Consumata la cena a base di minestrone, tonnellate di polenta e spezzatino finalmente andiamo a dormire. O almeno quella è l’intenzione se non fosse che, in previsione di un gelido inverno, partono le segherie. Mi rigiro sul materasso almeno per un’ora durante la quale provo anche a dormire su una panca in corridoio per poi finalmente chiudere gli occhi. Poco prima delle 3 sono ancora sveglio: la segheria è nel pieno dei lavori e io rimango ad ascoltarne i suoni ben oltre le 4 con il risultato che al mattino ho una faccia da pugile.

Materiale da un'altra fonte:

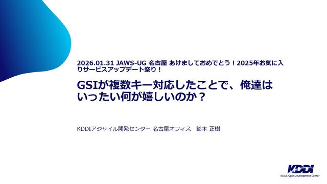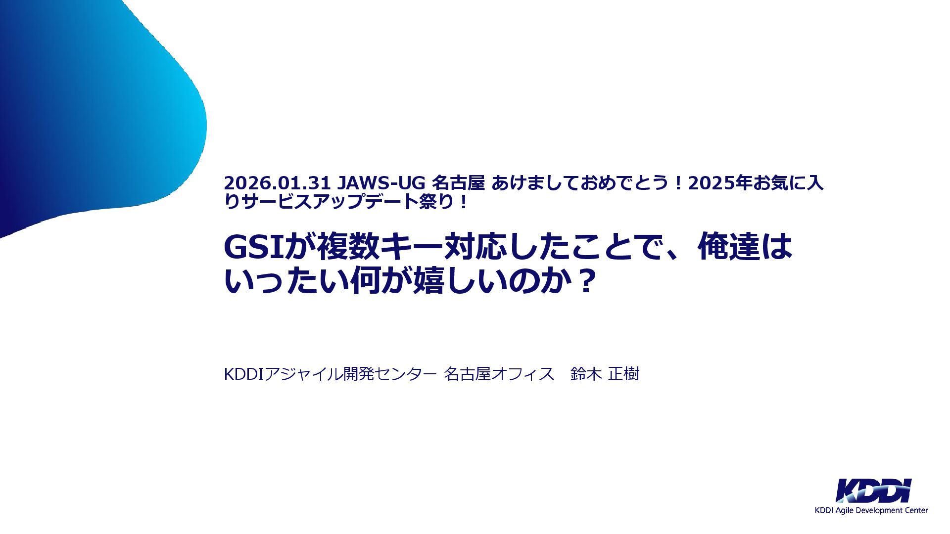 2026/01/31(土)に開催された「JAWS-UG名古屋 あけましておめでとう!2025年お気に入りサービスアップデート祭り!」における私のLT「GSIが複数キー対応したことで、俺達はいったい何が嬉しいのか?」の発表資料になります。 #jawsug_nagoya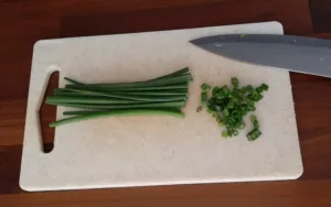 Ensuite, éplucher l'oignon rouge et l'émincer finement.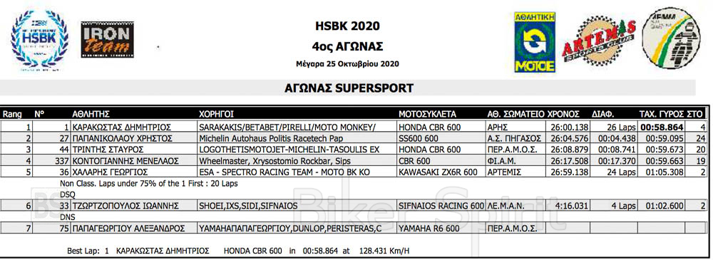 Στην 5η θέση τερμάτισε ο Γιώργος Χάλαρης (KAWASAKI ZX6R 600) ένω ο Γιάννης Τζωρτζόπουλος (HONDA CBR 600), αναγκάστηκε να εγκαταλείψει λόγω μηχανικής βλάβης.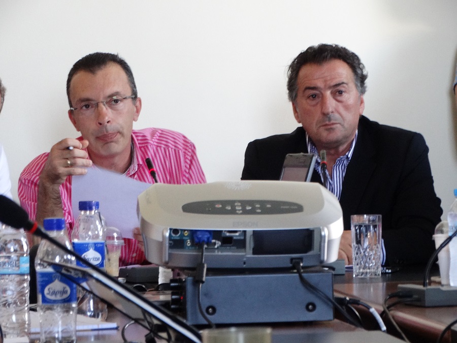 Δεξιά ο Κυριάκος Θωμάς που καταψήφισε την πρόταση του δημάρχου. Αριστερά ο δήμαρχος που με μια ισοζυγισμένη εισήγηση έθεσε το μέγα θέμα των σκουπιδιών στο τραπέζι.

Poi finalmente, dopo colazione, iniziamo con i Nazgul la nostra salita verso il Poncione superando la ripida ganda che ci deposita ai piedi del ghiacciaio. La nostra tattica prevede che il sottoscritto piazzi una corda fissa sul tratto più ripido del percorso innevato così da evitare, in caso di scivolata, uno spiacevole tuffo nel lago. Con noi abbiamo solo una piccola picozza ma nessun rampone e, con questa attrezzatura, mi fiondo baldanzoso sul ghiacciaio. Ovviamente inizio il mio spettacolo circense: il sole non ha ancora compiuto il suo lavoro e stare in piedi su quel pendio è praticamente impossibile. Sono quindi costretto a risalire a quattro zampe, utilizzando in continuazione la picca finchè la corda finisce mentre il ghiacciaio continua a salire ancora un po’ prima di spianare definitivamente; in quelle condizioni non possiamo certo proseguire e l’unica soluzione è quindi scendere aumentando così ulteriormente il coefficiente dell’esercizio: lentamente inizio così a perdere quota martoriando le nocche della mano destra che tiene la mia unica ancora di salvezza, la picozza. Poi finalmente, con la coda tra le gambe e dopo un’esperienza traumatizzante, raggiungo il resto del gruppo: il Poncione ha alzato un muro insormontabile e ora ci troviamo con un niente di fatto in mano. Eppure la soluzione è lì, davanti ai nostri occhi: il Chuebodenhorn, la vetta dirimpettaia al nostro obiettivo, oltretutto questo è un vero 3 mila! Così stravolgiamo le carte e riprendiamo a salire ancora per gande e sfasciumi. La stanchezza però inizia a farsi sentire e, circa 200 metri sotto la cima, alcuni ragazzi sollevano bandiera bianca. Mi fermo con loro mentre mio papà prosegue con il resto dei Nazgul verso il punto più alto riuscendo a raggiungerlo entro l’ora di pranzo.